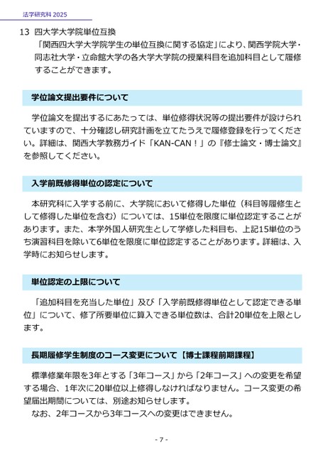 「関西四大学大学院学生の単位互換に関する協定」により、関西学院大学・同志社大学・立命館大学の各大学大学院の授業科目を追加科目として履修することができます。位論文提出要件について学学位論文を提出するにあたっては、単位修得状況等の提出要件が設けられていますので、十分確認し研究計画を立てたうえで履修登録を行ってください。詳細は、関西大学教務ガイド「KAN-CAN!」の『修士論文・博士論文』を参照してください。入学前既修得単位の認定について本研究科に入学する前に、大学院において修得した単位(科目等履修生として修得した単位を含む)については、15単位を限度に単位認定することがあります。また、本学外国人研究生として学修した科目も、上記15単位のうち演習科目を除いて6単位を限度に単位認定することがあります。詳細は、入学時にお知らせします。単位認定の上限について「追加科目を充当した単位」及び「入学前既修得単位として認定できる単位」について、修了所要単位に算入できる単位数は、合計20単位を上限とします。期履修学生制度のコース変更について【博士課程前期課程】長標準修業年限を3年とする「3年コース」から「2年コース」への変更を希望する場合、1年次に20単位以上修得しなければなりません。コース変更の希望届出期間については、別途お知らせします。なお、2年コースから3年コースへの変更はできません。-7-法学研究科202513四大学大学院単位互換
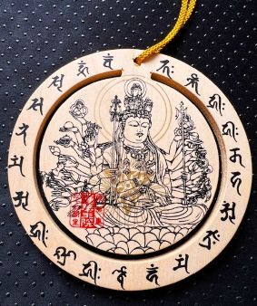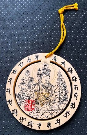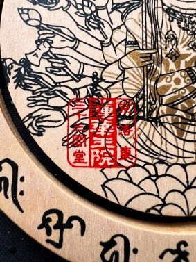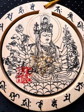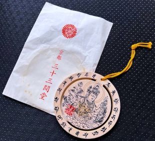 ●未使用、新品、袋入りの京都・三十三間堂の千手観音座像に梵字円形絵馬です
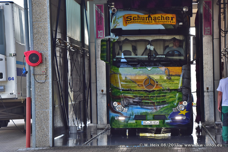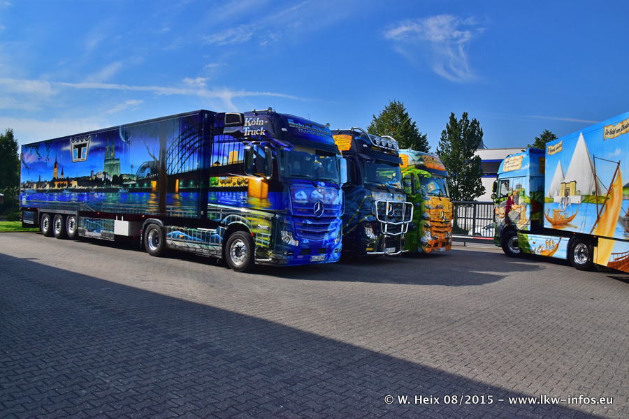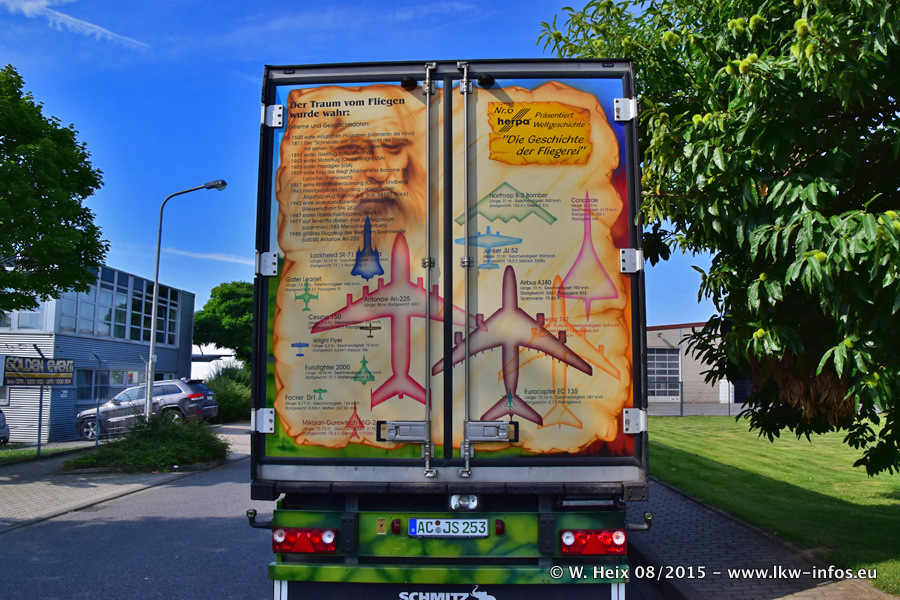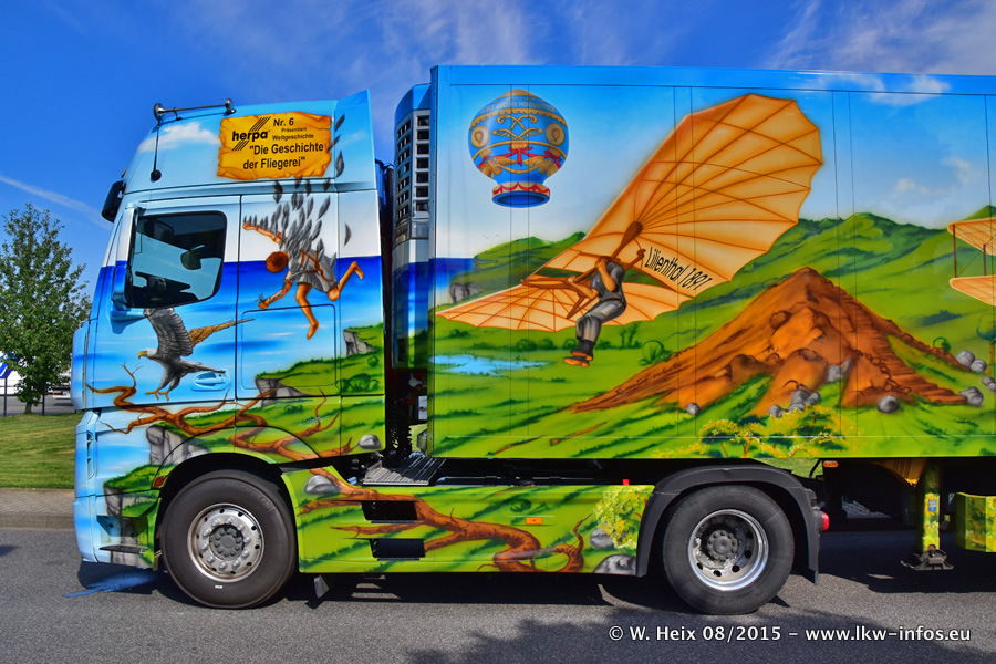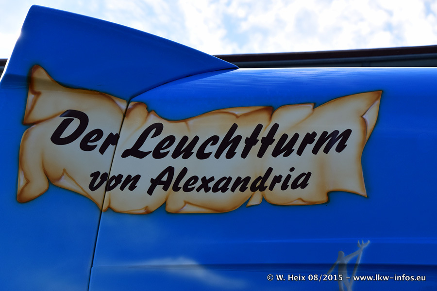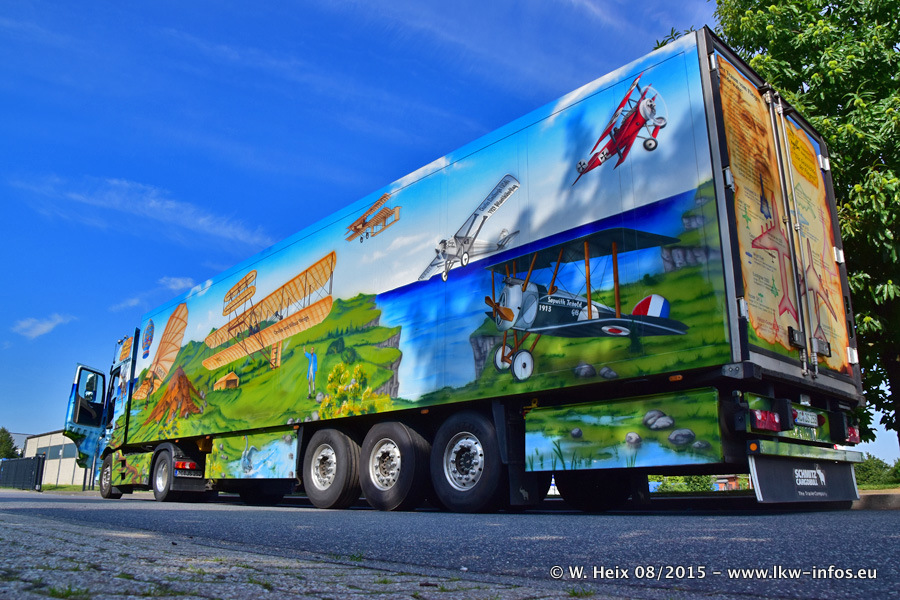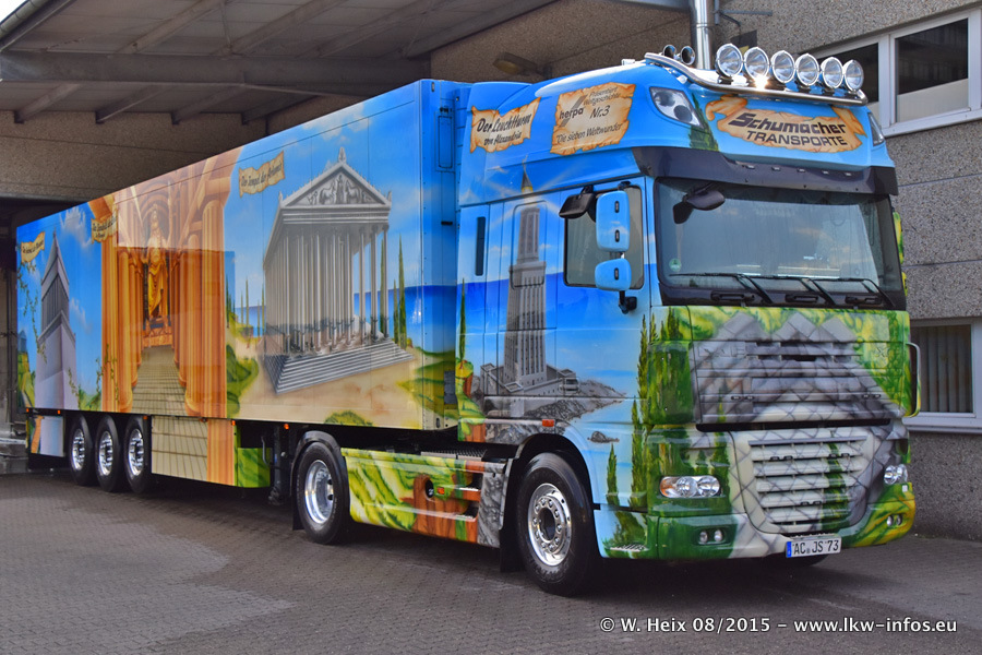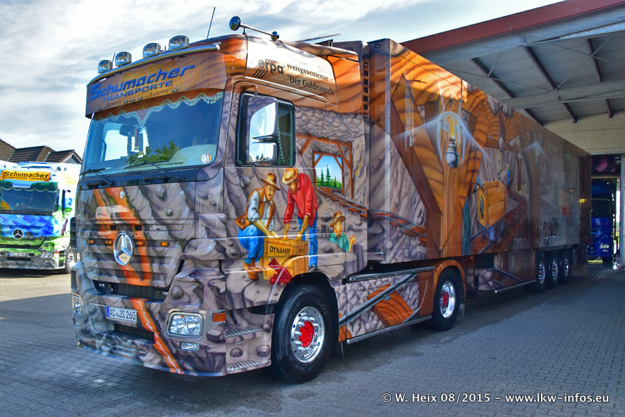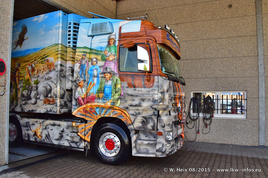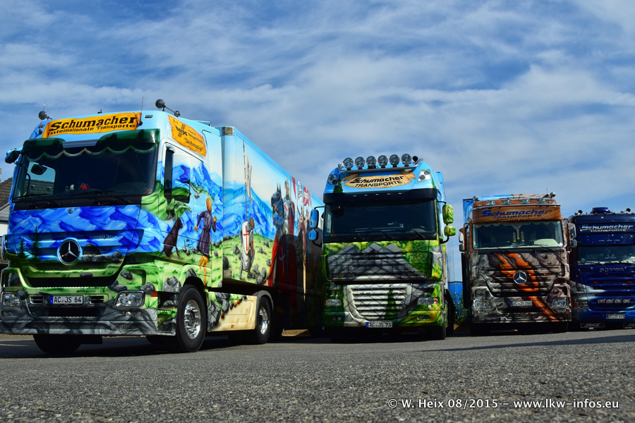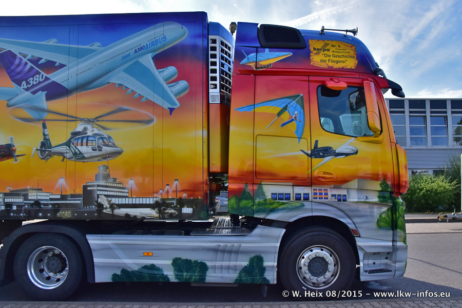 Bei diesem Besuch waren bis auf einen LKW alle Showtrucks der Herpa-Serie zuhause. Schumacher hat ja bekanntlich inzwischen den größten Teil dieser 14 Trucks im Fuhrpark. Die Nummer 1 bekam vor einigen Monaten eine neue Zugmaschine und läuft jetzt unter der Numer 1.1 "Die Wiege der Menschheit". Ende 2014 bekam Schumacher die Nummer 14 der Serie: "Herpa präsentiert Weltgeschichte Nr. 14 - Karl der Große". Das ist aktuell der letzte neue Showtruck der Herpa-Serie. Außerdem konnte ich diesmal den Köln-Truck von allen Seiten fotografieren, da dieser auch zuhause war. Danke an den/die Fahrer von Schumacher, die mir die Showtrucks zum Fotografieren auf dem Hof "ins richtige Licht" gerückt haben.
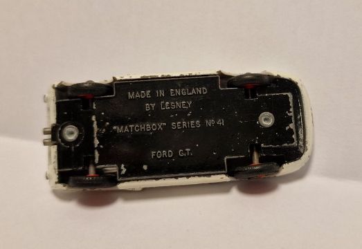 Matchbox Lesney unboxed diecast model Matchbox series no. 41 Ford GT with White Body, no.6 decal, red hubs and black tyres
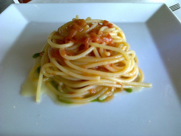 Dalla carta scegliamo due primi: un classico (del 1994) e una novità. Uno spaghettoro Verrigni agli scampi con pomodoro fresco, zenzero e salsa di cavolo cappuccio. La cottura perfetta fa onore al formato speciale, i sapori tutti netti, lo zenzero è la chiave del successo papillare.
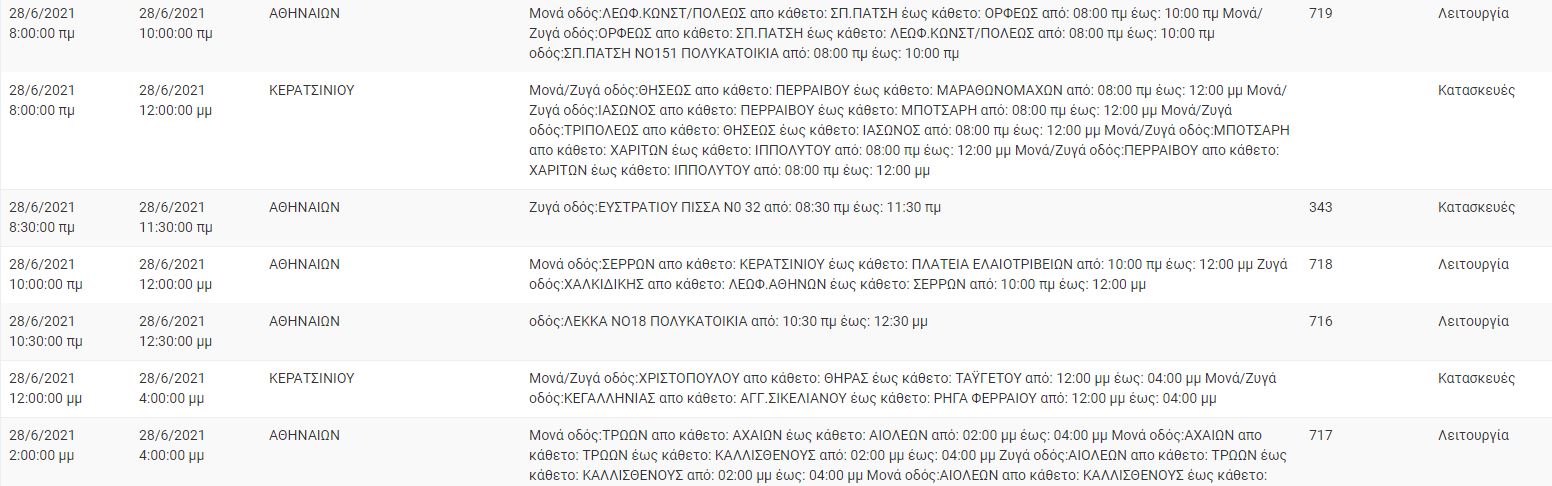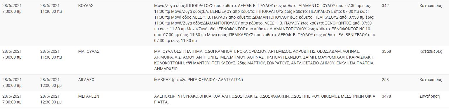 Αναλυτικά ο πίνακας με τις περιοχές της Αττικής και τις ώρες που θα σημειωθεί διακοπή ρεύματος:
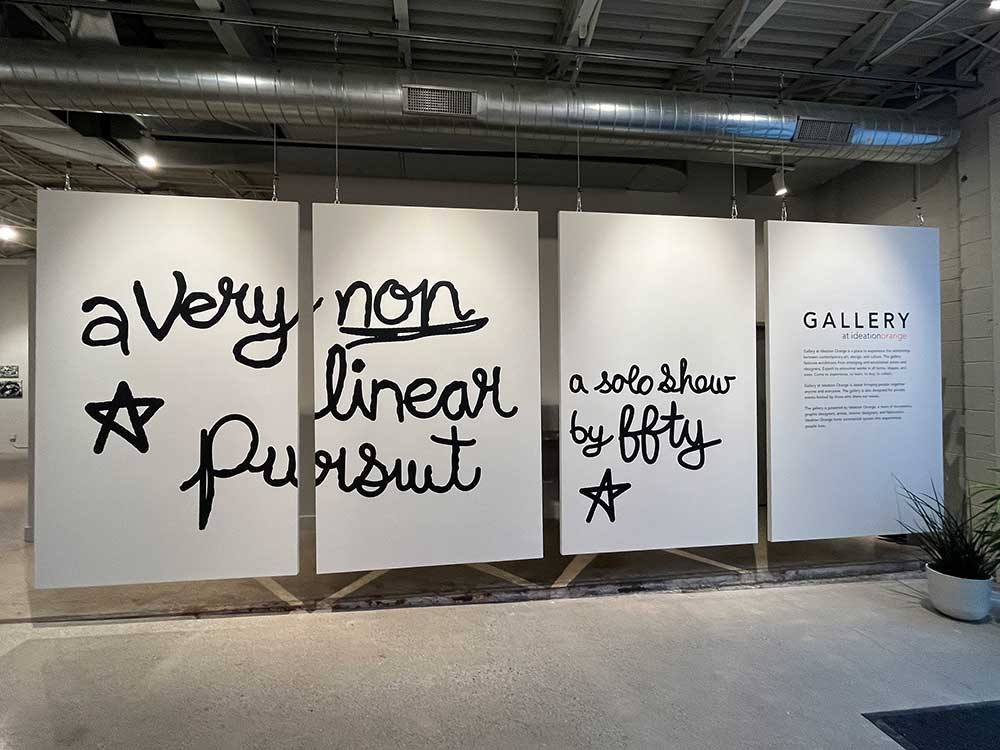 The name “A Very Non Linear Pursuit” made me believe that this show might feel chaotic or disjointed. That assumption was far from the case, morphing in different directions quickly as I stepped inside of Ideation Orange’s gallery space.
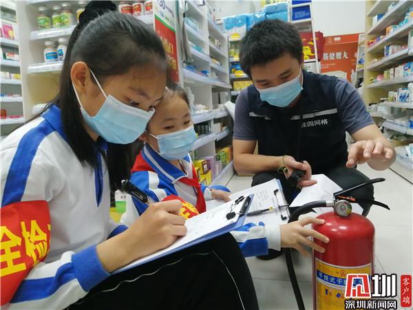 吳彥佳小朋友是第一組的小組長,他對照安全檢查表,對滅火器的放置、生產(chǎn)日期進行檢查核對,對煙霧感應器、應急照明燈、疏散指示牌是否使用正常進行逐一檢查,然后一絲不茍地登記在安全記錄表上。第二組的小朋友劉亞航在一家商鋪檢查時,發(fā)現(xiàn)滅火器被一堆物品壓在里面,他立刻把滅火器掏出來,在核對完有效期后,禮貌地反饋給老板,并請老板重視消防安全,正確放置滅火器。
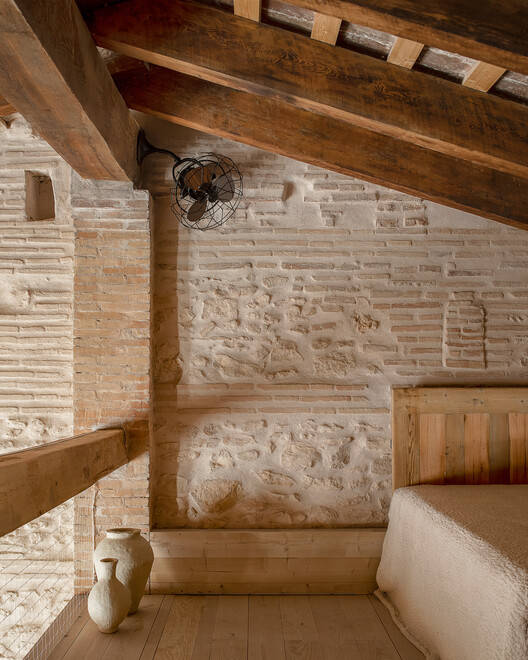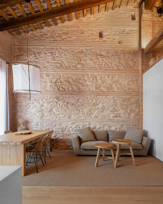 Homu Arquitectos advocates highlighting existing structures and materials. Bare bricks, stones, and wood appear in a pure state, establishing a dialogue with new interventions. In addition, the design team enhances the warmth of the space through indirect lighting.
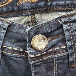Seven7 Jeans Women's Dark Wash Distressed Jewel Embellished Denim Legging Sz 25
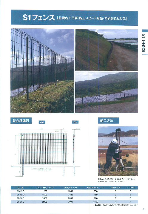 S1フェンス [基礎施工不要・施エスピード最短・傾斜部にも対応]
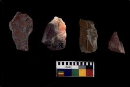 | Description / विवरण | There are n 4 utilized flake cores. There are multidirectional irregular scar pattern on both dorsal and ventral face of the flake cores. One has sharp edges and three have blunted edges. |
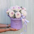 Цветы в коробках это композиции, составленные с использованием специальной губки Oasis (пиафлор) которая пропитана водой. Для того чтобы цветы дольше оставались свежими, добавляйте в нее немного воды каждый день.
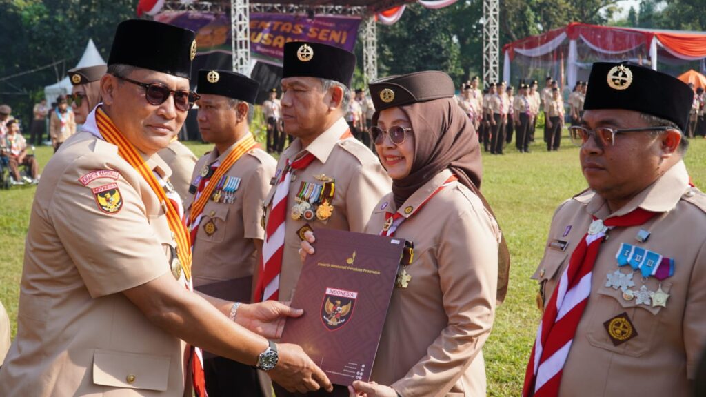 Jakarta – Kwartir Nasional (Kwarnas) Gerakan Pramuka menganugerahkan tanda penghargaan Lencana Darma Bakti kepada Bendahara Kwartir Daerah (Kwarda) Gerakan Pramuka DKI Jakarta, Kak Hj. Sri Utami, S.K.M. Penganugerahan ini diberikan berdasarkan Surat Keputusan Kwarnas Nomor 132 Tahun 2025, Nomor 133 Tahun 2025, dan Nomor 135 Tahun 2025.
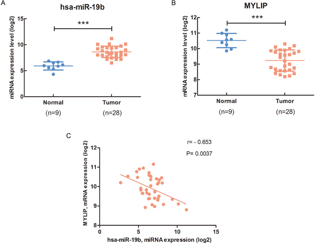 Figure 1: The expression of miR-19b is negatively correlated with MYLIP expression in breast cancer patient samples. (A) The hsa-miR-19b expression level in breast cancer samples (n=28) and adjacent normal breast tissues (n=9). The primary hsa-miR-19b expression data (log2) in breast cancer patients were downloaded from the TCGA database. The asterisks (***) indicate a significant difference (p < 0.001). (B) The MYLIP expression level in breast cancer samples (n=28) and adjacent normal breast tissues (n=9). The primary MYLIP mRNA expression data (log2) in breast cancer patients were downloaded from the TCGA database. The asterisks (***) indicate a significant difference (p < 0.001). (C) The correlation between hsa-miR-19b and MYLIP in breast cancer samples (n=40). The primary hsa-miR-19b expression data (log2) and MYLIP mRNA expression data (log2) in breast cancer patients were downloaded from the TCGA database.

EXERCISE DIRECTIONS:
Reproduce the material word for word. Skip every picture it holds.

RESULT BELOW:
 「関西四大学大学院学生の単位互換に関する協定」により、関西学院大学・同志社大学・立命館大学の各大学大学院の授業科目を追加科目として履修することができます。位論文提出要件について学学位論文を提出するにあたっては、単位修得状況等の提出要件が設けられていますので、十分確認し研究計画を立てたうえで履修登録を行ってください。詳細は、関西大学教務ガイド「KAN-CAN!」の『修士論文・博士論文』を参照してください。入学前既修得単位の認定について本研究科に入学する前に、大学院において修得した単位(科目等履修生として修得した単位を含む)については、15単位を限度に単位認定することがあります。また、本学外国人研究生として学修した科目も、上記15単位のうち演習科目を除いて6単位を限度に単位認定することがあります。詳細は、入学時にお知らせします。単位認定の上限について「追加科目を充当した単位」及び「入学前既修得単位として認定できる単位」について、修了所要単位に算入できる単位数は、合計20単位を上限とします。期履修学生制度のコース変更について【博士課程前期課程】長標準修業年限を3年とする「3年コース」から「2年コース」への変更を希望する場合、1年次に20単位以上修得しなければなりません。コース変更の希望届出期間については、別途お知らせします。なお、2年コースから3年コースへの変更はできません。-7-法学研究科202513四大学大学院単位互換
 ●未使用、新品、袋入りの京都・三十三間堂の千手観音座像に梵字円形絵馬です
 Bei diesem Besuch waren bis auf einen LKW alle Showtrucks der Herpa-Serie zuhause. Schumacher hat ja bekanntlich inzwischen den größten Teil dieser 14 Trucks im Fuhrpark. Die Nummer 1 bekam vor einigen Monaten eine neue Zugmaschine und läuft jetzt unter der Numer 1.1 "Die Wiege der Menschheit". Ende 2014 bekam Schumacher die Nummer 14 der Serie: "Herpa präsentiert Weltgeschichte Nr. 14 - Karl der Große". Das ist aktuell der letzte neue Showtruck der Herpa-Serie. Außerdem konnte ich diesmal den Köln-Truck von allen Seiten fotografieren, da dieser auch zuhause war. Danke an den/die Fahrer von Schumacher, die mir die Showtrucks zum Fotografieren auf dem Hof "ins richtige Licht" gerückt haben.
 Matchbox Lesney unboxed diecast model Matchbox series no. 41 Ford GT with White Body, no.6 decal, red hubs and black tyres
 Dalla carta scegliamo due primi: un classico (del 1994) e una novità. Uno spaghettoro Verrigni agli scampi con pomodoro fresco, zenzero e salsa di cavolo cappuccio. La cottura perfetta fa onore al formato speciale, i sapori tutti netti, lo zenzero è la chiave del successo papillare.
 Αναλυτικά ο πίνακας με τις περιοχές της Αττικής και τις ώρες που θα σημειωθεί διακοπή ρεύματος:
 The name “A Very Non Linear Pursuit” made me believe that this show might feel chaotic or disjointed. That assumption was far from the case, morphing in different directions quickly as I stepped inside of Ideation Orange’s gallery space.
 吳彥佳小朋友是第一組的小組長,他對照安全檢查表,對滅火器的放置、生產(chǎn)日期進行檢查核對,對煙霧感應器、應急照明燈、疏散指示牌是否使用正常進行逐一檢查,然后一絲不茍地登記在安全記錄表上。第二組的小朋友劉亞航在一家商鋪檢查時,發(fā)現(xiàn)滅火器被一堆物品壓在里面,他立刻把滅火器掏出來,在核對完有效期后,禮貌地反饋給老板,并請老板重視消防安全,正確放置滅火器。
 Homu Arquitectos advocates highlighting existing structures and materials. Bare bricks, stones, and wood appear in a pure state, establishing a dialogue with new interventions. In addition, the design team enhances the warmth of the space through indirect lighting.
Seven7 Jeans Women's Dark Wash Distressed Jewel Embellished Denim Legging Sz 25
 S1フェンス [基礎施工不要・施エスピード最短・傾斜部にも対応]
 | Description / विवरण | There are n 4 utilized flake cores. There are multidirectional irregular scar pattern on both dorsal and ventral face of the flake cores. One has sharp edges and three have blunted edges. |
 Цветы в коробках это композиции, составленные с использованием специальной губки Oasis (пиафлор) которая пропитана водой. Для того чтобы цветы дольше оставались свежими, добавляйте в нее немного воды каждый день.
 Jakarta – Kwartir Nasional (Kwarnas) Gerakan Pramuka menganugerahkan tanda penghargaan Lencana Darma Bakti kepada Bendahara Kwartir Daerah (Kwarda) Gerakan Pramuka DKI Jakarta, Kak Hj. Sri Utami, S.K.M. Penganugerahan ini diberikan berdasarkan Surat Keputusan Kwarnas Nomor 132 Tahun 2025, Nomor 133 Tahun 2025, dan Nomor 135 Tahun 2025.
 Figure 1: The expression of miR-19b is negatively correlated with MYLIP expression in breast cancer patient samples. (A) The hsa-miR-19b expression level in breast cancer samples (n=28) and adjacent normal breast tissues (n=9). The primary hsa-miR-19b expression data (log2) in breast cancer patients were downloaded from the TCGA database. The asterisks (***) indicate a significant difference (p < 0.001). (B) The MYLIP expression level in breast cancer samples (n=28) and adjacent normal breast tissues (n=9). The primary MYLIP mRNA expression data (log2) in breast cancer patients were downloaded from the TCGA database. The asterisks (***) indicate a significant difference (p < 0.001). (C) The correlation between hsa-miR-19b and MYLIP in breast cancer samples (n=40). The primary hsa-miR-19b expression data (log2) and MYLIP mRNA expression data (log2) in breast cancer patients were downloaded from the TCGA database.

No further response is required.